▶ _Aim of the exercise_
Your answer must be only the lines below from the one containing "PLKMN Vintage Floral" through the one containing "Spinach for balance.", copied exactly, with the pictures left out.

▶ _Data for the task_
⁂

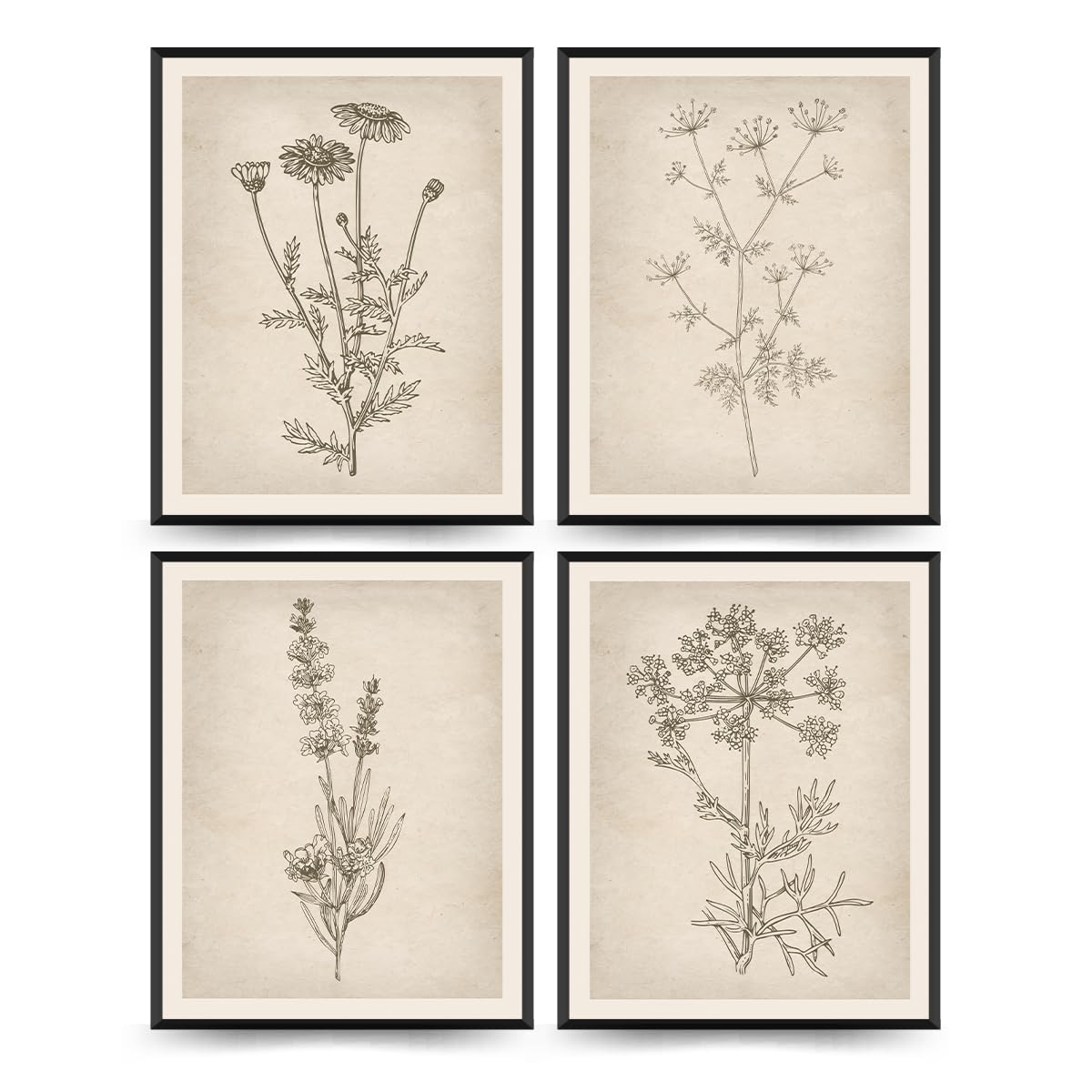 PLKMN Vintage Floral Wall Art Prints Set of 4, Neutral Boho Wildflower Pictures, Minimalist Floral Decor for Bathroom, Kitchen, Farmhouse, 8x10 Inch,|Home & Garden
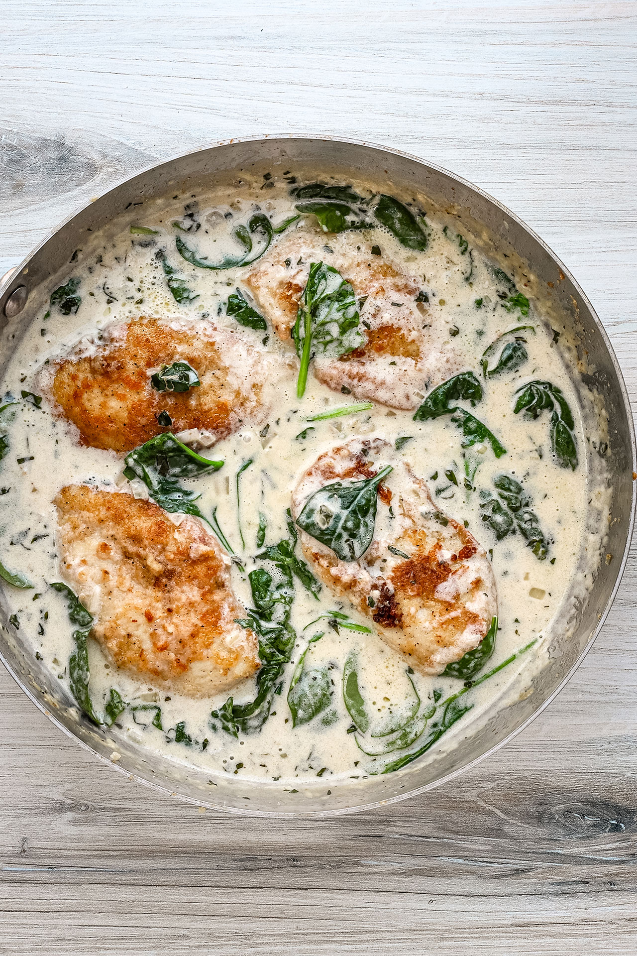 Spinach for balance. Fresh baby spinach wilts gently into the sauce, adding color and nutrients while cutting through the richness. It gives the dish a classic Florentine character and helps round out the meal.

⁂

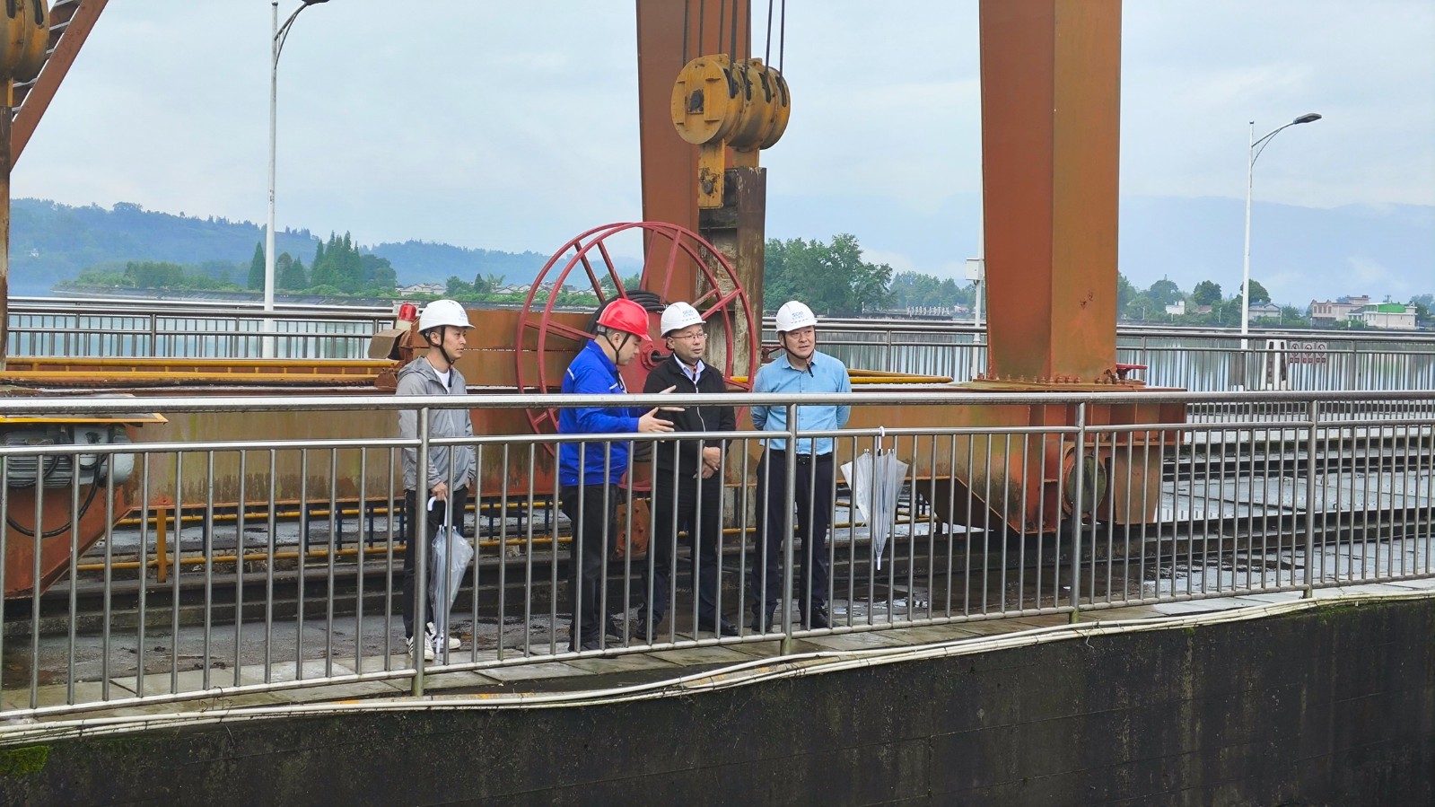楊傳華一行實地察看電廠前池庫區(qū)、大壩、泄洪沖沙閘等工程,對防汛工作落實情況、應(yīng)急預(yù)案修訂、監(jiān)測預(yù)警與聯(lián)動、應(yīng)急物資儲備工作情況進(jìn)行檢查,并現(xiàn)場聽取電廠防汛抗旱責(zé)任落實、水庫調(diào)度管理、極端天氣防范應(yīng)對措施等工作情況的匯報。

⁂

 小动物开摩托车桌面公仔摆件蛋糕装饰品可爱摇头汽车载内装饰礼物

⁂

▶ _Written reply_
 PLKMN Vintage Floral Wall Art Prints Set of 4, Neutral Boho Wildflower Pictures, Minimalist Floral Decor for Bathroom, Kitchen, Farmhouse, 8x10 Inch,|Home & Garden
 Spinach for balance. Fresh baby spinach wilts gently into the sauce, adding color and nutrients while cutting through the richness. It gives the dish a classic Florentine character and helps round out the meal.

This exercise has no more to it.